Много лет спустя она попыталась восстановить в памяти – кого первого, самого первого в самом первом детстве и до-детстве любила. Увы, ей пришлось отказаться от намерения, увидев себя «в неучтимом положении любившего отродясь и до-родясь…».
Она вспоминала себя четырехлетней неуклюжей девочкой, часами в молчании простаивавшей возле гимназиста Сережи Иловайского, когда он на даче заступом рыл лестницу в крутом боку горы. Как было не влюбиться в Сережу! Единственного, кто со вниманием и сердечностью относился к стихам этой девочки-неулыбы.
И почти такой же жар в грудной ямке – она это отлично помнила всю жизнь – сжигал ее и тогда, когда долговязая Августа Ивановна, бонна, грозилась уехать навсегда в Ригу. Или еще – когда убирали в сундук розово-газовых нафталинных кукол и Муся знала, что больше никогда их не увидит. А еще она запомнила боль, которая чуть не разорвала ей сердце, когда нянька вздумала безжалостно подшутить над ее тайной привязанностью к «Мышатому». Так девочка звала про себя странного большого кукольного дога, сидевшего на кровати в комнате Валерии. В один прекрасный день он вдруг исчез! То было страшное горе. И его еще надо было скрыть от тайно наблюдавших за Мусей не слишком добрых глаз.

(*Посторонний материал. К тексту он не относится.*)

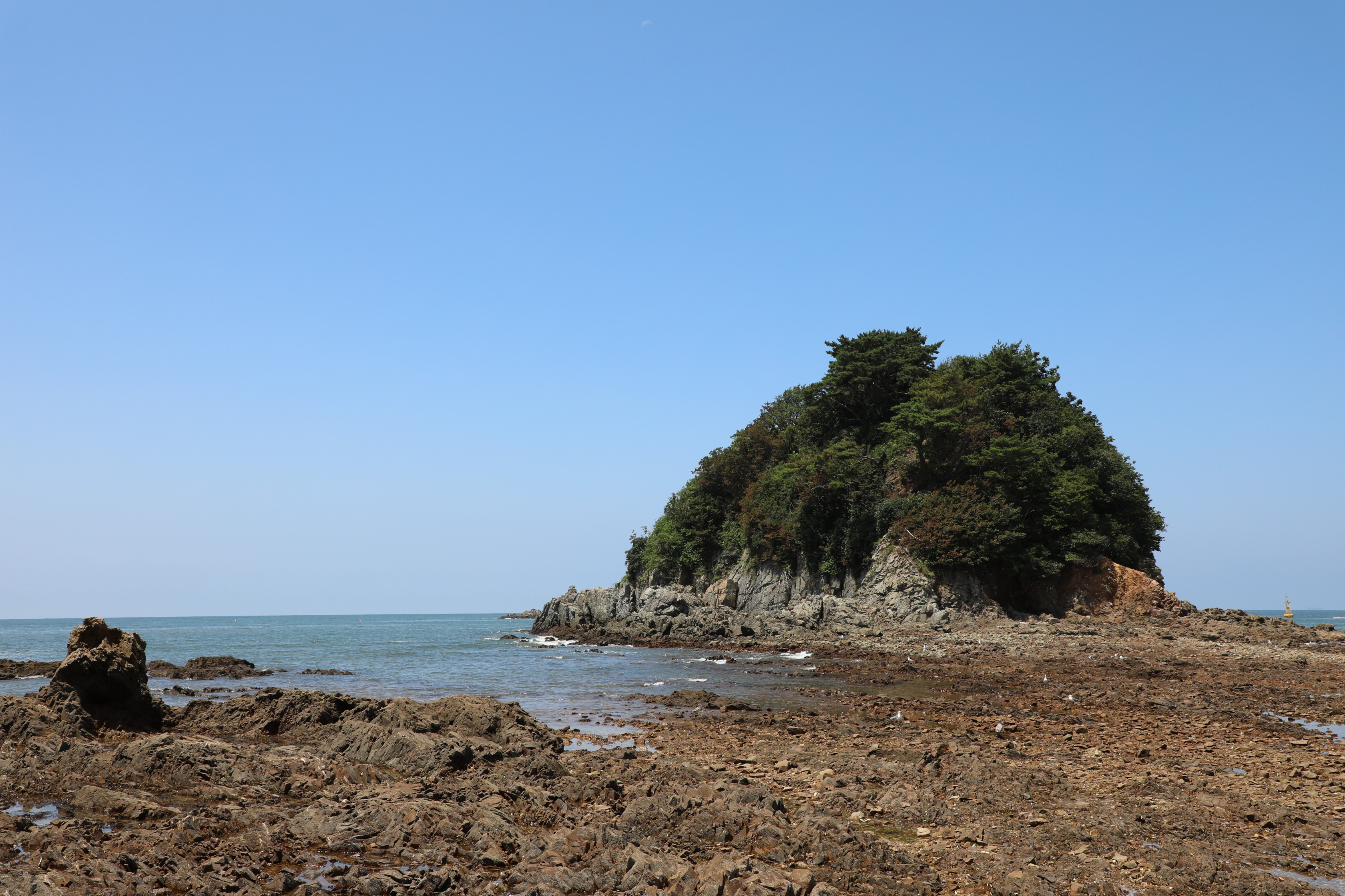 하루에 두번 밀물이 빠져나가며 이 바위로 들어가는 길이 생긴다.

Жгло в грудной ямке всякий раз нестерпимо.
Спустя годы и годы она расскажет об этом в своей автобиографической прозе. Здесь нет ничего присочиненного: все повороты ее судьбы, как и экстатическая поэзия, прославившая ее имя, подтвердят, что то было природное свойство натуры.
Так она растет, окруженная своими тайнами, отъединенная ими ото всех других. Пыхтя, сшивает из нотной бумаги тетрадочку, чтобы записывать туда стихи. Делает кляксу – и, тяжело вздохнув, вырывает лист и трудится снова. Думает ли она о том, чтобы стать поэтом, выводя свои каракули?
Наверняка нет. Она просто упрямо пробивается к неясному свету вдали; делает то, чего не делать не может. Зачарованная с младенческих лет волшебством поэтической речи, она пытается на языке этого волшебства записать нечто, после чего – она сызмалу это знает – на душе становится легче.
Очень довольные собой взрослые довели Мусю до слез, но знать бы им, догадаться бы, допустить на минуту, что тот самый конь пройдет через все поэтические тетради Марины Цветаевой! Крылатый конь, летящий по-над башнями, по-над горами… – и в стихах, и в поэмах. «Отнеси меня туда!» Так ведь именно что – туда! Ей и потом трудно было точнее назвать адрес («Поверх закисей, Поверх ржавостей… В завтра путь держу, – В край без праотцев»).
То была сильнейшая тяга – туда, не знаю куда, преданность тому, не знаю кому, сродни той тяге, какую безотчетно ощущает младенец, тянущийся к материнской груди.
Но постоянно держать все свои тайны внутри тяжело. И когда уж совсем невмочь, Муся взывает к младшей сестре:
«– Ася, давай помечтаем! Давай немножко помечтаем! Совсем немножко помечтаем!
– Мы уже сегодня мечтали, и мне надоело. Я хочу рисовать.
– Ася! Я тебе дам то, Сергей-Семёныча, яичко.
– Ты его треснула.
– Я его внутри треснула, а снаружи оно целое.
– Тогда давай. Только очень скоро давай – помечтаем, потому что я хочу рисовать».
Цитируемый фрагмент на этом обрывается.